Press Release
June 15, 2011


Senator Edgardo J. Angara said that the government needs to take heed of the global efforts to move away from fossil fuels and move toward integrating renewable energy (RE) into the national energy mix.

Angara made the statement after the Department of Energy (DOE) launched its National Renewable Energy Plan (NREP) yesterday. Based on the NREP, the government aims to have the country's energy mix consist of 50 percent RE by 2030. Renewable energy sources, primarily geothermal and hydropower, currently make up 35 percent of the mix. The Philippines is the second biggest producer of geothermal energy in the world, next only to the United States.

"We need to recognize that RE is the future of energy. Most governments around the world are listening to their scientists and experts, making bold moves to invest in RE sources. If we move slowly, we will be left behind," Angara emphasized.

He said that critics of renewables in the government and private sector are hesitant to embrace new technologies due to concerns that they are unproven unlike like coal and fossil fuels.

"But the extensive worldwide R&D going into RE is making sure the technologies will be affordable and efficient sooner than later.

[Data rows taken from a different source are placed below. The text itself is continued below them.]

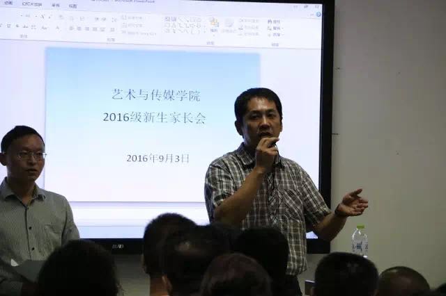下午,为方便新生家长们了解艺传学院,欣赏学院学术艺术周作品,学院将2016级新生家长设在艺B楼召开,教室中座无虚席。学院党委书记林刚副教授、院长罗子明教授、副院长郑子云副教授、党委副书记刘晶老师以、各系正副主任和16级各班班主任出席,会议由徐亮主持。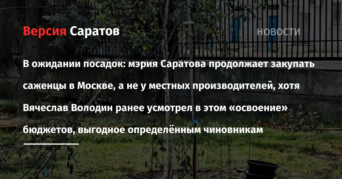 Саратовские чиновники могут подозрительным образом осваивать средства за счёт госконтрактов по поставке саженцев для городских парков и скверов. Это следует из ряда договоров, заключенных с московскими поставщиками. При том, что ещё в октябре 2025 года спикер Госдумы Вячеслав Володин раскритиковал местные власти за то, что те не закупают растения, кустарники и деревья для высадки в парках и скверах непосредственно в Саратове, чем саботируют создание и развитие местных питомников.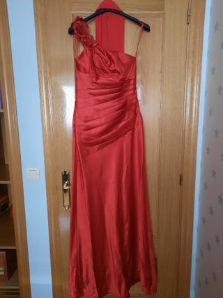 Bonito vestido rojo de fiesta largo, con pedrería, puesto una sola vez para una boda de tarde noche, con fular ancho para echar por los hombros, espalda abotonada. Comprado en Novias María Luisa. T. 40, 42, está llevado a tintorería, es precioso, no se distingue bien en la foto ni el color ni la tela, valio 1000€.CHOLLO!!! 265€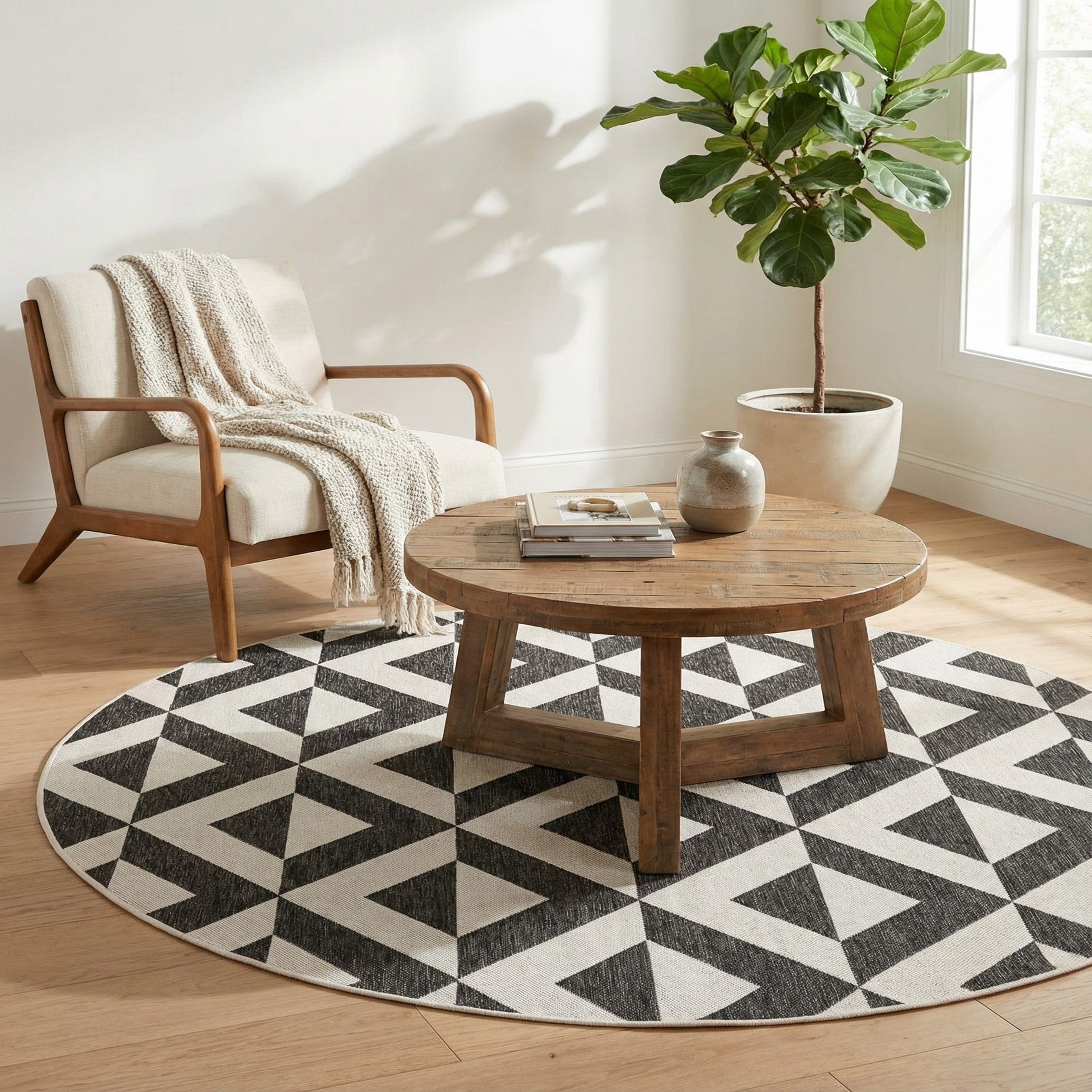 A bold geometric motif sweeps across the round field in a clean, modern arrangement of interlocking diamonds and chevrons. The pattern is rendered in crisp Ivory set against a Charcoal Gray background, creating strong contrast and a rhythmic, almost sculptural read to the surface. The round shape naturally centers seating arrangements and brings a graphic focal point to both indoor and covered outdoor rooms.

Experts believe that grid parity - or the point at which the cost of producing electricity through alternative means is as cheap as the prevailing grid power - is within reach," Angara said.

Angara, Chair of the Congressional Commission on Science Technology and Engineering (COMSTE), said that the commission has been working closely with the RE industry to jumpstart the local market and help government recognize the viability of wind, solar, biomass and other RE sources.

Angara pointed out that technology conglomerate General Electric (GE), the largest wind turbine supplier in the United States and one of the world's biggest, has predicted that solar will likely become cheaper than fossil fuels in five years owing to innovations.

Google is also helping develop greener sources of power in line with its corporate goal of producing no net greenhouse emissions. It recently agreed to invest $280 million in a home solar program that will help homeowners put solar panels on their rooftops.

Angara, author of the Philippines' Renewable Energy Law, added that even the Asian Development Bank (ADB) is backing the development of solar in the Asia-Pacific region, targeting 3,000 MW installations by 2013. The ADB is planning to invest $2.25 billion in financing solar projects, with an additional $6.75 billion to be funded from the private sector.

"Renewable energy, especially solar power, is a potential game-changer. These technologies will only grow much cheaper in costs and higher in efficiency as innovations are continually made," he said.

Angara continued, "The government should encourage - and lead - the aggressive development of RE. It will create a wealth of high-paying, 'green' jobs and industries, while also promoting cleaner, alternative energy sources. It is a winning proposition for our country."